Temporal fluctuations in soil microbial communities and their activities play an important role in carbon and nutrient cycling in both natural and managed ecosystems. The extent to which ecological factors such as plant growth stages, soil texture, and weather patterns influence temporal shifts in microbial communities and activities is not well understood. We explicitly tested the role of plant phenology and soil texture in temporal patterns of fungal community structure and activity. We sampled soil at key plant growth stages including emergence, bolting, and senescence, in restored and remnant tallgrass prairie on clayey and sandy soils in Illinois. We sampled directly under Schizacrium scoparium, a C4 grass, and Elymus canadensis, a C3 grass, at all sites and all sampling times to contrast the role of plant phenology on microbial parameters. Soil fungal communities were evaluated using targeted amplicon sequencing of ITS1 rDNA. Sequences were processed using the QIIME pipeline and community differences analyzed using non-parametric multivariate analysis of variance. Microbial activity was measured using fluorometric extracellular enzyme activity assays for phosphatase, N-acetyl glucosaminidase, β-glucosidase, cellobiohydrolase, and β-xylosidase. Enzyme activity data was contrasted between soil type and plant type using mixed models and correlated with microbial communities using vector-fitting analysis.
Results/Conclusions
Fungal community richness and Shannon’s diversity was greater (P<0.0001) and enzyme activity lower (P<0.0001) in sandy soil compared with clayey soil.

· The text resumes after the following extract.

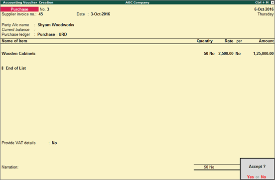 4.    Select the purchase ledger predefined with Purchase From Unregistered Dealer as the Nature of transaction.

This supports the paradigm that fungi are more competitive in sandy environments, but lower organic matter resources and moisture limit activity. Temporal patterns in fungal communities and phosphorus and nitrogen enzyme activity were consistent on both soil types (P>0.1 for all), indicating soil texture does not influence temporal patterns in nutrient cycling. However, carbon-cycling enzyme activities did exhibit different temporal patterns in sandy soil and clayey soil (P<0.01), which may reflect differences in organic matter availability. Contrasts of remnant and restored prairie sites on both soil textures showed activity of all enzymes exhibited similar temporal patterns in restorations and remnants (P>0.1 for all). Fungal communities differences between restorations and remnants interacted with soil type (P=0.0001), but temporal patterns were consistent in both site types (P=0.05). Similar temporal patterns in fungal community shifts and enzyme activity indicate these patterns are not influenced by soil texture, and temporal patterns in nutrient cycling can be easily and effectively restored. Fungal communities in restored prairies may differ from remnants, but functionally they perform similarly.